▸ AIM OF THE TASK:
Within the listing below, give again exactly the lines between the one containing "非毕业生代表汤锐和王圳两名同" and the one containing "Icona, Russia XIX", inclusive, pictures left aside.

START GIVEN RECORDS

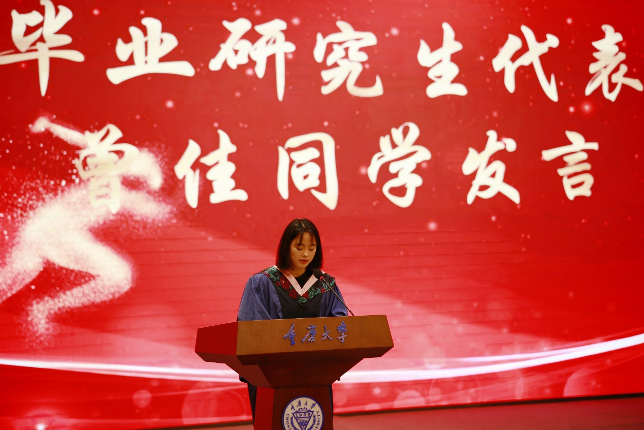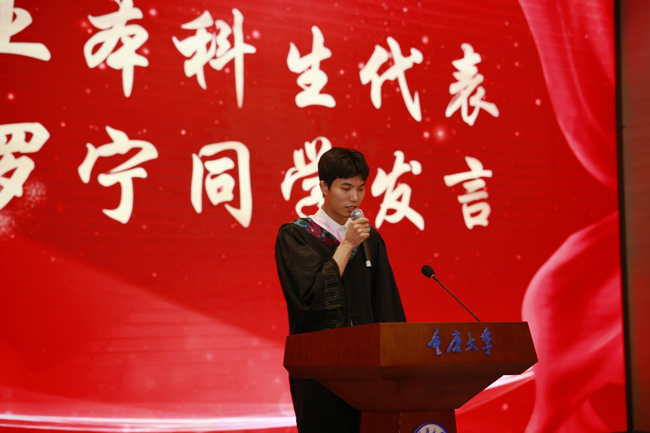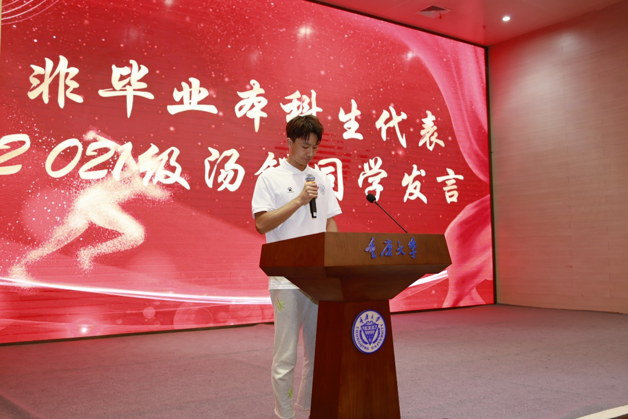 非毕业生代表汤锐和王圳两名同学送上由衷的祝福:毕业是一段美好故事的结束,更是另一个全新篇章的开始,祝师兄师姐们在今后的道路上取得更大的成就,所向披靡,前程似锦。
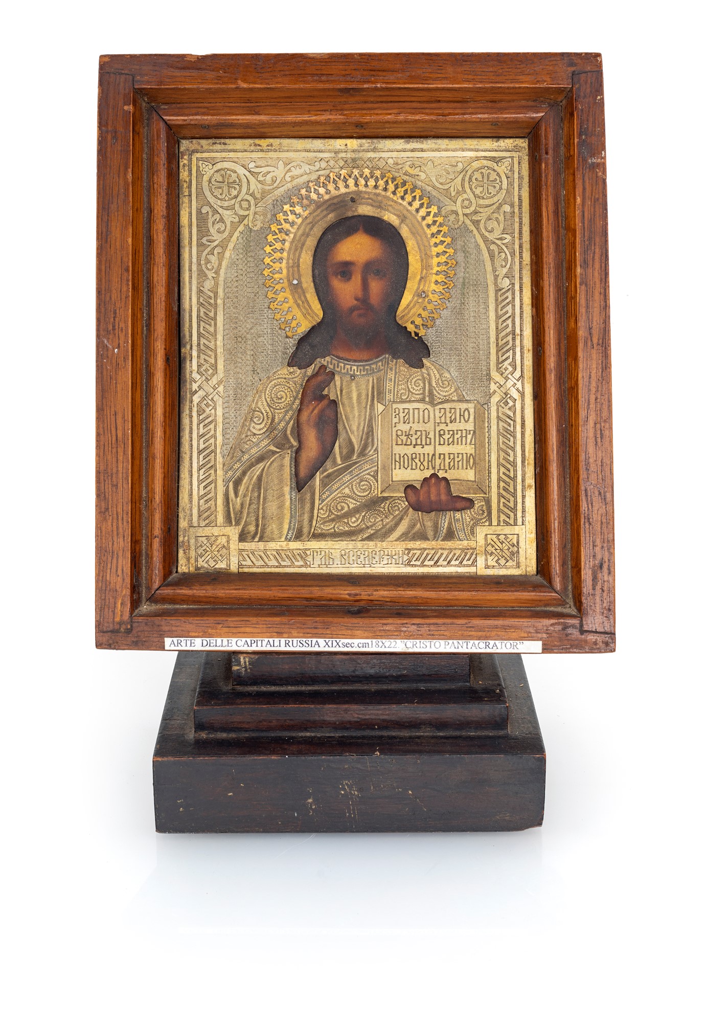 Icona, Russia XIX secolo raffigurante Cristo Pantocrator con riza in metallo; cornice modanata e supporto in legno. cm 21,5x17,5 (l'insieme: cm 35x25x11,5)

END GIVEN RECORDS
START GIVEN RECORDS

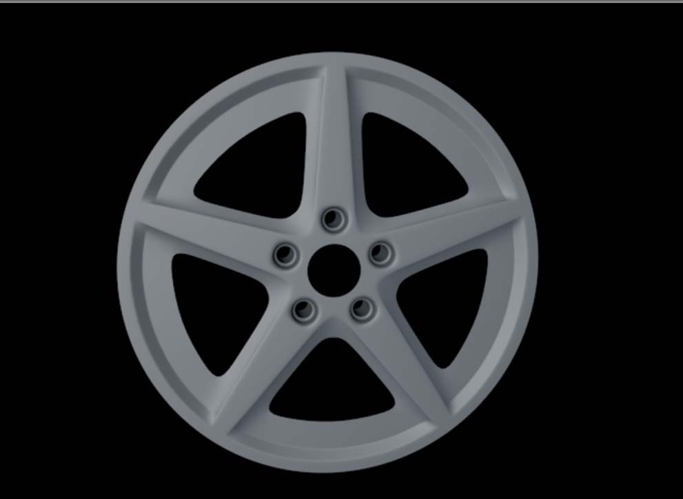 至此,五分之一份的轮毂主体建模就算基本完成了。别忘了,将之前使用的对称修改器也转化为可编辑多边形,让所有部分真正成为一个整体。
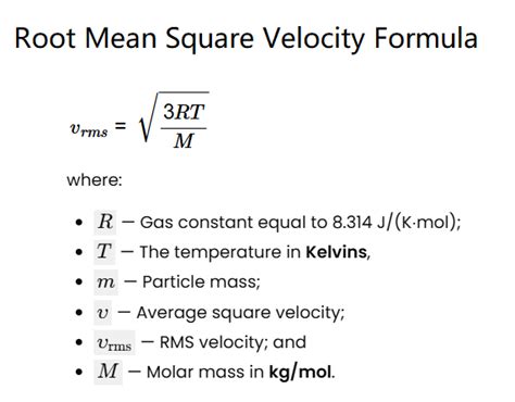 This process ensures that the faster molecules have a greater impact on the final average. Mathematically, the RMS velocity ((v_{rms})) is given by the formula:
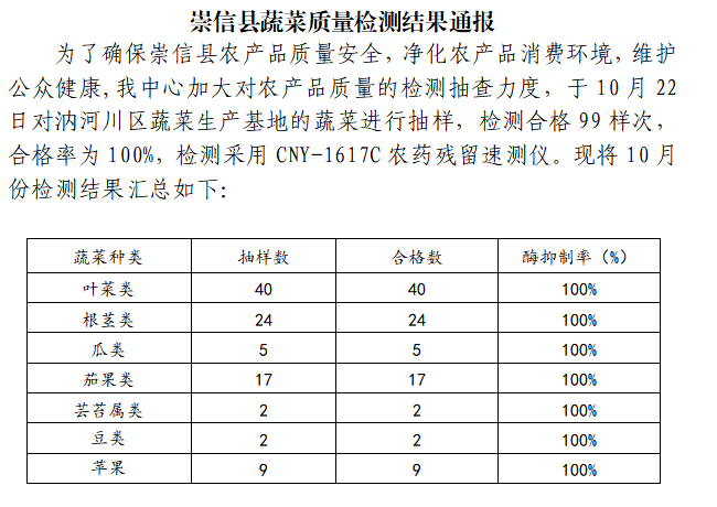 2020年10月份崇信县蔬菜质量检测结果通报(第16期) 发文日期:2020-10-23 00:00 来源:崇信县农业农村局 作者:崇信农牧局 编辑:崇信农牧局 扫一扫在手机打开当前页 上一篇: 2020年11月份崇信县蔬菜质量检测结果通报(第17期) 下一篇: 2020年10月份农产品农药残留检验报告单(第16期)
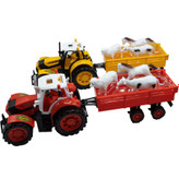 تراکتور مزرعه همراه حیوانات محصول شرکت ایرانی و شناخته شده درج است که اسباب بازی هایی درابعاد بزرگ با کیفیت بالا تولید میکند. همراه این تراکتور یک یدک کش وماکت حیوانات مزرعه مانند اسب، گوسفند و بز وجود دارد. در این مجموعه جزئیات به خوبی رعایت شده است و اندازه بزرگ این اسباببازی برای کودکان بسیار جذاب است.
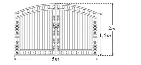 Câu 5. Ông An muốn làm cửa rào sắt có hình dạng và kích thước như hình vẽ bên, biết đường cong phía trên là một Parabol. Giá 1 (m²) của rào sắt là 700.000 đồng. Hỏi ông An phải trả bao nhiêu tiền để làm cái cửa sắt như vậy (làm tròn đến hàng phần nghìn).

END GIVEN RECORDS

▸ TASK OUTPUT:
 非毕业生代表汤锐和王圳两名同学送上由衷的祝福:毕业是一段美好故事的结束,更是另一个全新篇章的开始,祝师兄师姐们在今后的道路上取得更大的成就,所向披靡,前程似锦。
 Icona, Russia XIX secolo raffigurante Cristo Pantocrator con riza in metallo; cornice modanata e supporto in legno. cm 21,5x17,5 (l'insieme: cm 35x25x11,5)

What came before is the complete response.